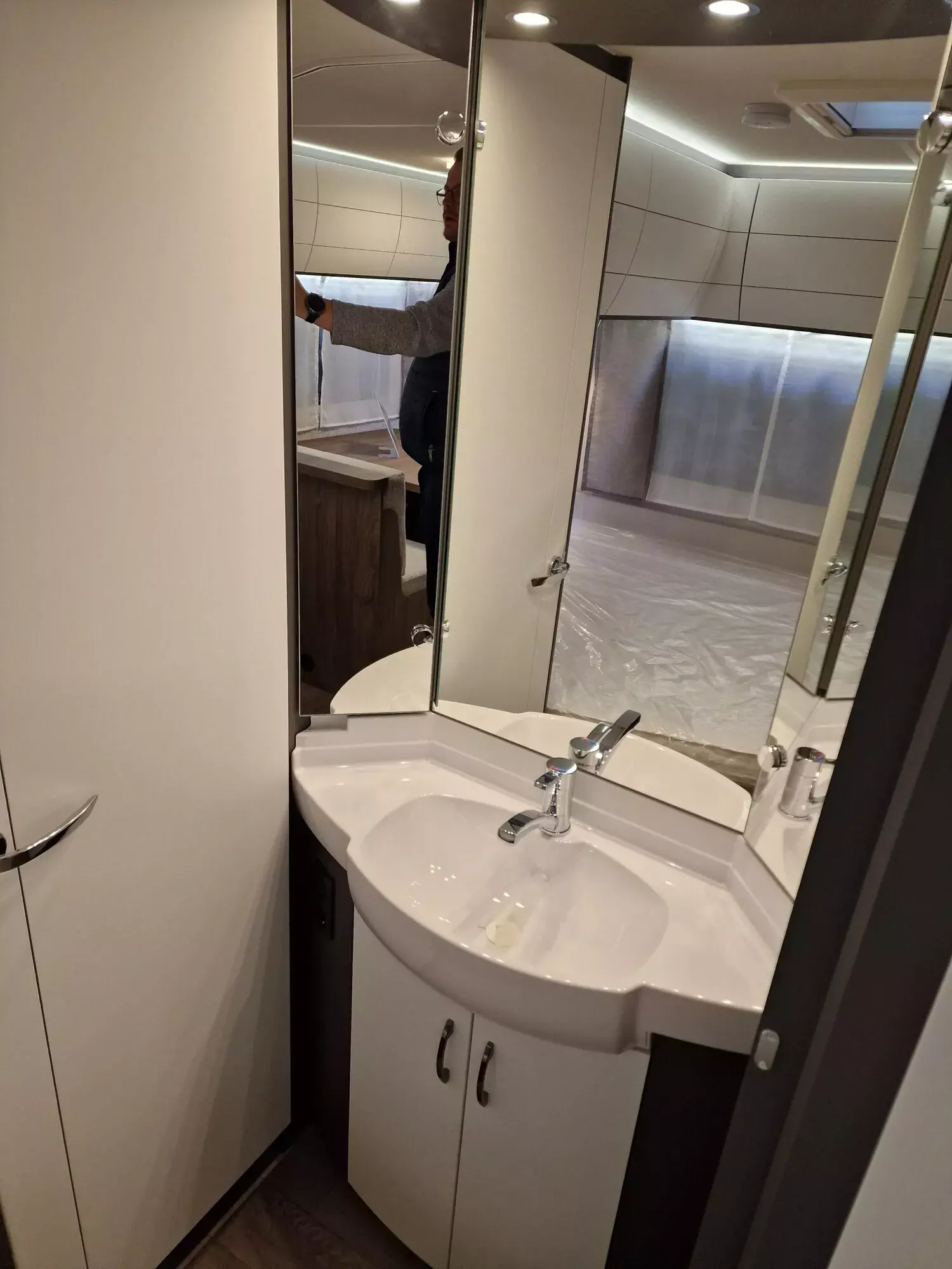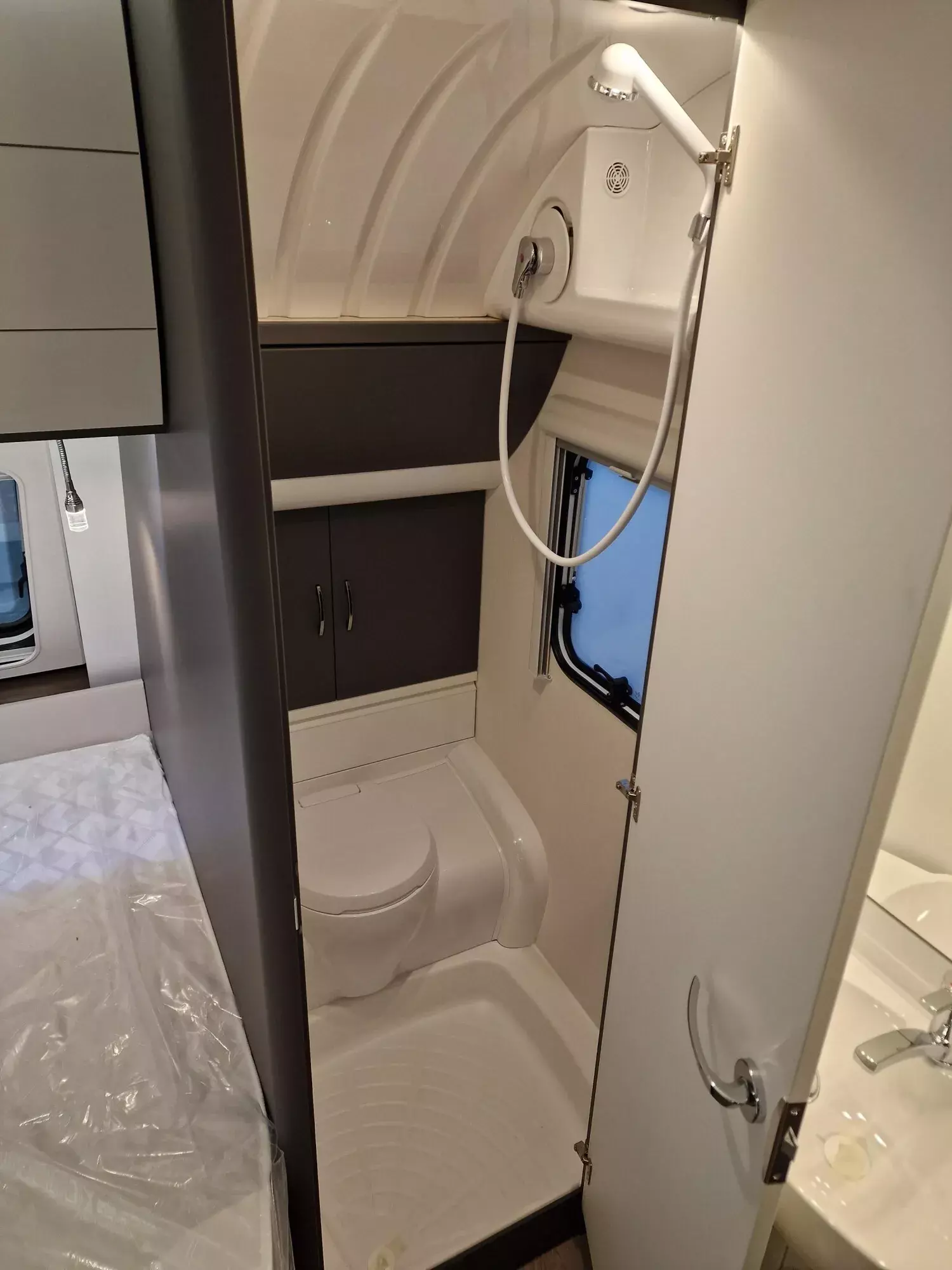- Duscharmatur und Duschvorhang für Waschraum mit externem Waschtisch
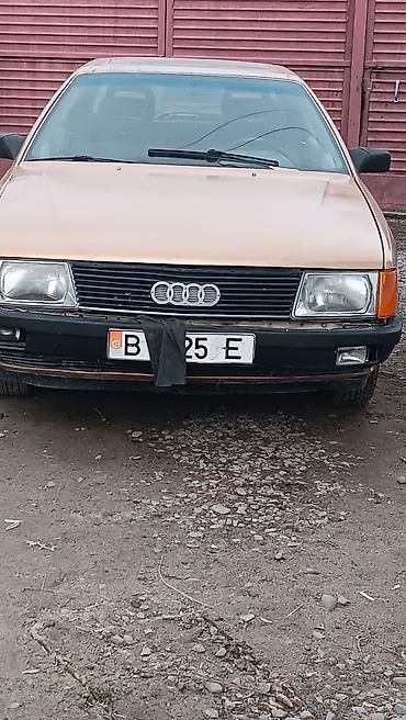 Автомобиль Audi 100, седан, выполненный в бежевом цвете. Модель принадлежит к поколению C3, выпускавшемуся с 1982 по 1991 год. Автомобиль оснащен четырьмя дверями, что обеспечивает удобство посадки...
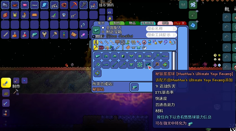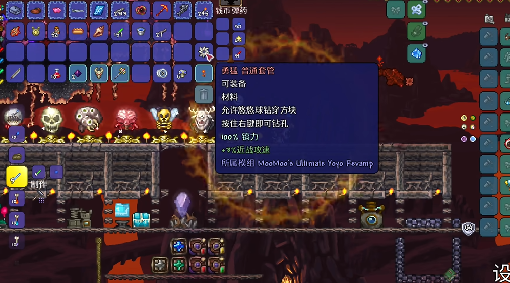 悠悠球这武器挺特别的,算是近战,但又可以丢出去打一段距离,所以搭配装备的思路和其他近战武器会有点不一样。游戏里悠悠球选择很多,从最开始用10个木材和20个蛛网就能在工作台合成的木悠悠球,到后期各种强力款式。前期如果想追求不错的伤害,可以去地下丛林收集藤蔓、毒刺和丛林孢子来制作亚马逊球,它在游戏早期算是相当给力的选择。而悠悠球的终极毕业武器,那肯定是泰拉悠悠球了,这把武器拥有190点的高额基础伤害和25格的超长射程,还能无限停留在空中并自动发射追踪弹球,它的获取方式是在困难模式后期击败月球领主,有11.11%的几率掉落,是所有悠悠球玩家的终极追求。
========================================
Please print everything in the material exactly, apart from the pictures.

- Duscharmatur und Duschvorhang für Waschraum mit externem Waschtisch
 Автомобиль Audi 100, седан, выполненный в бежевом цвете. Модель принадлежит к поколению C3, выпускавшемуся с 1982 по 1991 год. Автомобиль оснащен четырьмя дверями, что обеспечивает удобство посадки...
 悠悠球这武器挺特别的,算是近战,但又可以丢出去打一段距离,所以搭配装备的思路和其他近战武器会有点不一样。游戏里悠悠球选择很多,从最开始用10个木材和20个蛛网就能在工作台合成的木悠悠球,到后期各种强力款式。前期如果想追求不错的伤害,可以去地下丛林收集藤蔓、毒刺和丛林孢子来制作亚马逊球,它在游戏早期算是相当给力的选择。而悠悠球的终极毕业武器,那肯定是泰拉悠悠球了,这把武器拥有190点的高额基础伤害和25格的超长射程,还能无限停留在空中并自动发射追踪弹球,它的获取方式是在困难模式后期击败月球领主,有11.11%的几率掉落,是所有悠悠球玩家的终极追求。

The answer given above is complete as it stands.